(Extracted data entries)
_ _ _ _ _ _ _

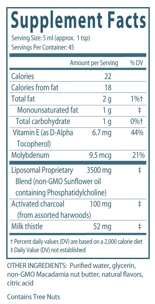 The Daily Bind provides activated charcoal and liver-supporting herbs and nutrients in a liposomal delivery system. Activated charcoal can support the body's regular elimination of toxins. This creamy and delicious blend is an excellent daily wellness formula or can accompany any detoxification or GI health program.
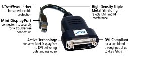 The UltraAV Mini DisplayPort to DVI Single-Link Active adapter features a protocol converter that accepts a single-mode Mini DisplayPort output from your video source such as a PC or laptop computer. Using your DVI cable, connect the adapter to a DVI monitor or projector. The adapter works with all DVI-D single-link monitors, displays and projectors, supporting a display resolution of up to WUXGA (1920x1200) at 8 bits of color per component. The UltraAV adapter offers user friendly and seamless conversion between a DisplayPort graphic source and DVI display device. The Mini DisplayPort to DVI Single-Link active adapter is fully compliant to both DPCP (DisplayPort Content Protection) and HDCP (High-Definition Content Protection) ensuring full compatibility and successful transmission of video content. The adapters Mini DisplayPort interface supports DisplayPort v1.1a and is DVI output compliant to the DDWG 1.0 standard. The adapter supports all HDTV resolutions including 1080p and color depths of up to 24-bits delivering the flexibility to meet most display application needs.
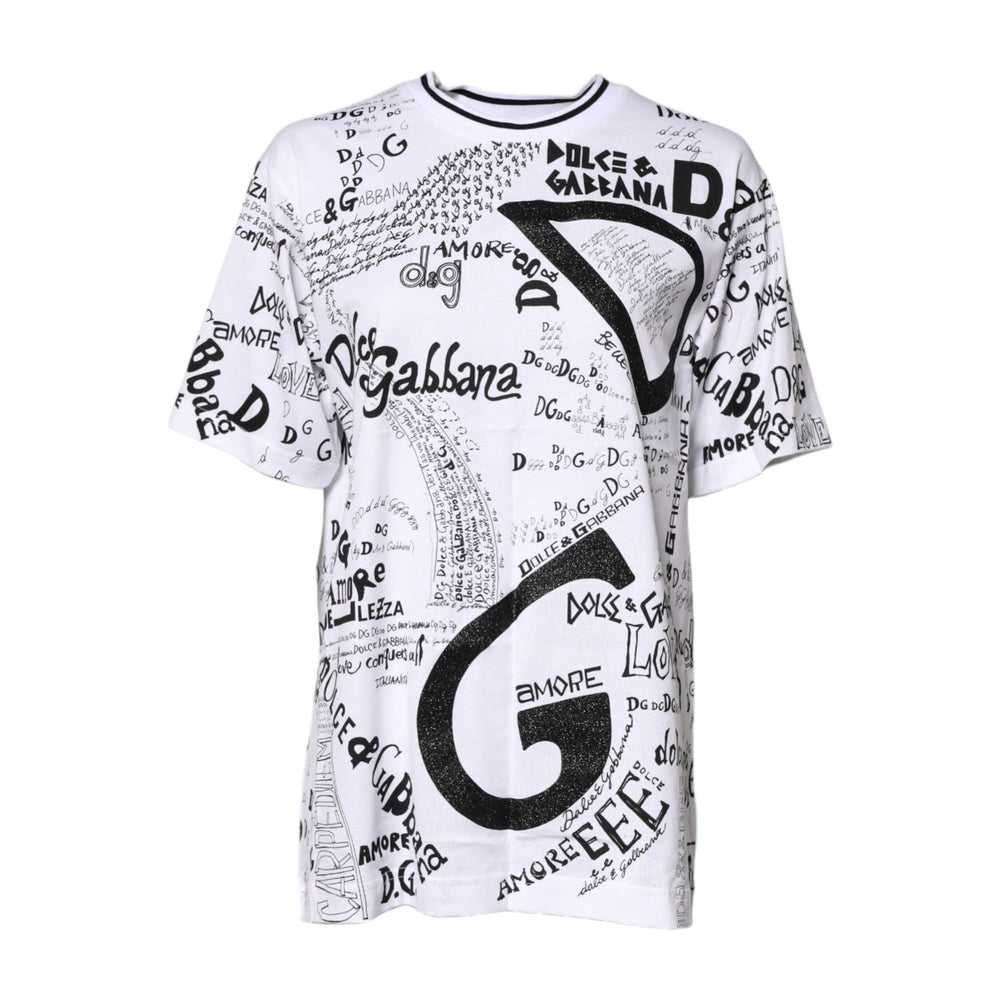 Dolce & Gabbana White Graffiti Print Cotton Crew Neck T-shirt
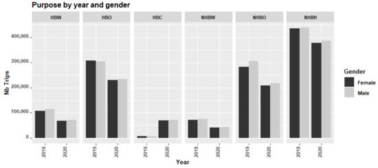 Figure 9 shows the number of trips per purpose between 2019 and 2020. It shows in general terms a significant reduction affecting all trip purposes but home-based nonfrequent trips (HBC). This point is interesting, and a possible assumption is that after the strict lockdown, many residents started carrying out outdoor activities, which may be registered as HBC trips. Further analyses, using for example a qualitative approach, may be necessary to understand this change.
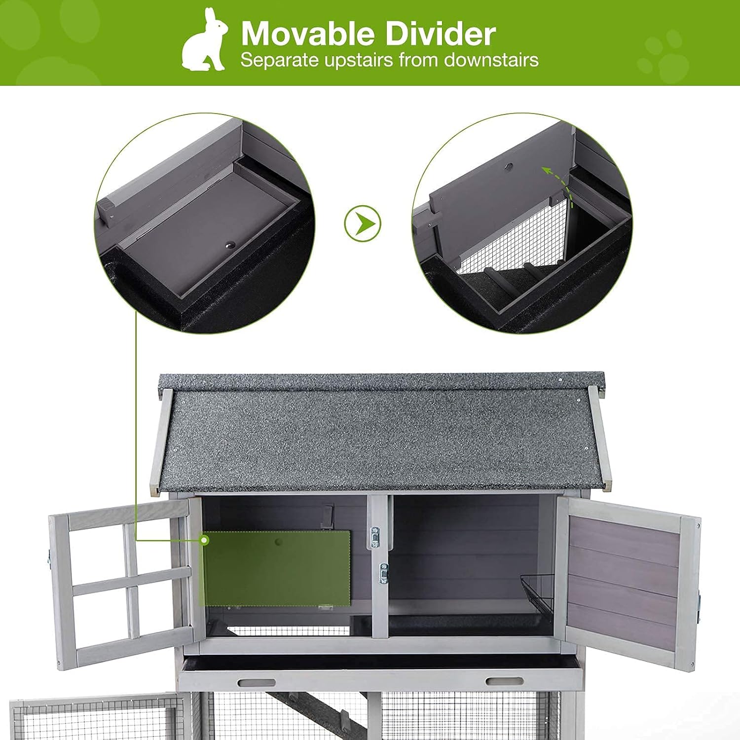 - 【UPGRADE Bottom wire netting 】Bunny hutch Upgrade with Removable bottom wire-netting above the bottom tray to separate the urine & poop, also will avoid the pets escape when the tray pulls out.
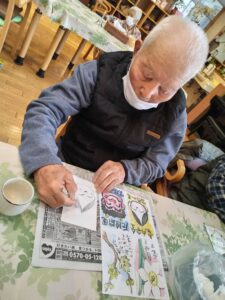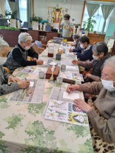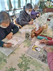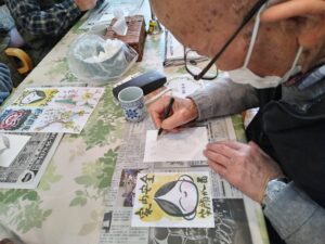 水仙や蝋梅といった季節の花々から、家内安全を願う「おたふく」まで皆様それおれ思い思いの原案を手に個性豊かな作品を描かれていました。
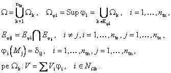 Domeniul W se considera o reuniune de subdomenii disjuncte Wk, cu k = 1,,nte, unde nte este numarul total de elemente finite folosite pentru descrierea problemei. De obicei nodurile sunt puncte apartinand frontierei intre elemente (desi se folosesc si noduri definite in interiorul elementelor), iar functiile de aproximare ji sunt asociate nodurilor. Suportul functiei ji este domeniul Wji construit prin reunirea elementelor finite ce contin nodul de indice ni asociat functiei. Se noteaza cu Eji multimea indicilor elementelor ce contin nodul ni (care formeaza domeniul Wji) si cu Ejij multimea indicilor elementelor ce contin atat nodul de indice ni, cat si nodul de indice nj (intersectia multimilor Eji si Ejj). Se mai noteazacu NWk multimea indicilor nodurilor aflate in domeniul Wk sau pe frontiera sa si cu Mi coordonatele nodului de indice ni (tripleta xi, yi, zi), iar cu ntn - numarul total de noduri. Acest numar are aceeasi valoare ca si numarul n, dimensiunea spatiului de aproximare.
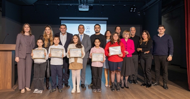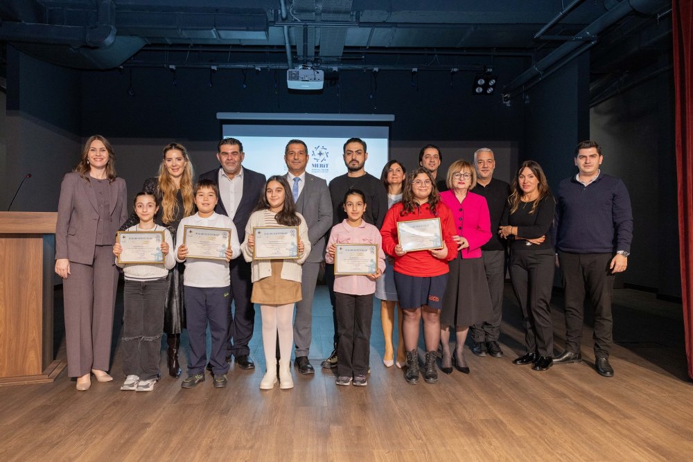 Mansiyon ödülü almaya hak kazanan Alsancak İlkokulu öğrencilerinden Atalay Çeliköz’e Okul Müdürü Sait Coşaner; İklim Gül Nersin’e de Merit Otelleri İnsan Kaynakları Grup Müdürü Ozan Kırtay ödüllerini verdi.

_ _ _ _ _ _ _

Transcribe the data exactly and leave no picture in the copy.

 The Daily Bind provides activated charcoal and liver-supporting herbs and nutrients in a liposomal delivery system. Activated charcoal can support the body's regular elimination of toxins. This creamy and delicious blend is an excellent daily wellness formula or can accompany any detoxification or GI health program.
 The UltraAV Mini DisplayPort to DVI Single-Link Active adapter features a protocol converter that accepts a single-mode Mini DisplayPort output from your video source such as a PC or laptop computer. Using your DVI cable, connect the adapter to a DVI monitor or projector. The adapter works with all DVI-D single-link monitors, displays and projectors, supporting a display resolution of up to WUXGA (1920x1200) at 8 bits of color per component. The UltraAV adapter offers user friendly and seamless conversion between a DisplayPort graphic source and DVI display device. The Mini DisplayPort to DVI Single-Link active adapter is fully compliant to both DPCP (DisplayPort Content Protection) and HDCP (High-Definition Content Protection) ensuring full compatibility and successful transmission of video content. The adapters Mini DisplayPort interface supports DisplayPort v1.1a and is DVI output compliant to the DDWG 1.0 standard. The adapter supports all HDTV resolutions including 1080p and color depths of up to 24-bits delivering the flexibility to meet most display application needs.
 Dolce & Gabbana White Graffiti Print Cotton Crew Neck T-shirt
 Figure 9 shows the number of trips per purpose between 2019 and 2020. It shows in general terms a significant reduction affecting all trip purposes but home-based nonfrequent trips (HBC). This point is interesting, and a possible assumption is that after the strict lockdown, many residents started carrying out outdoor activities, which may be registered as HBC trips. Further analyses, using for example a qualitative approach, may be necessary to understand this change.
 - 【UPGRADE Bottom wire netting 】Bunny hutch Upgrade with Removable bottom wire-netting above the bottom tray to separate the urine & poop, also will avoid the pets escape when the tray pulls out.
 水仙や蝋梅といった季節の花々から、家内安全を願う「おたふく」まで皆様それおれ思い思いの原案を手に個性豊かな作品を描かれていました。
 Domeniul W se considera o reuniune de subdomenii disjuncte Wk, cu k = 1,,nte, unde nte este numarul total de elemente finite folosite pentru descrierea problemei. De obicei nodurile sunt puncte apartinand frontierei intre elemente (desi se folosesc si noduri definite in interiorul elementelor), iar functiile de aproximare ji sunt asociate nodurilor. Suportul functiei ji este domeniul Wji construit prin reunirea elementelor finite ce contin nodul de indice ni asociat functiei. Se noteaza cu Eji multimea indicilor elementelor ce contin nodul ni (care formeaza domeniul Wji) si cu Ejij multimea indicilor elementelor ce contin atat nodul de indice ni, cat si nodul de indice nj (intersectia multimilor Eji si Ejj). Se mai noteazacu NWk multimea indicilor nodurilor aflate in domeniul Wk sau pe frontiera sa si cu Mi coordonatele nodului de indice ni (tripleta xi, yi, zi), iar cu ntn - numarul total de noduri. Acest numar are aceeasi valoare ca si numarul n, dimensiunea spatiului de aproximare.
 Mansiyon ödülü almaya hak kazanan Alsancak İlkokulu öğrencilerinden Atalay Çeliköz’e Okul Müdürü Sait Coşaner; İklim Gül Nersin’e de Merit Otelleri İnsan Kaynakları Grup Müdürü Ozan Kırtay ödüllerini verdi.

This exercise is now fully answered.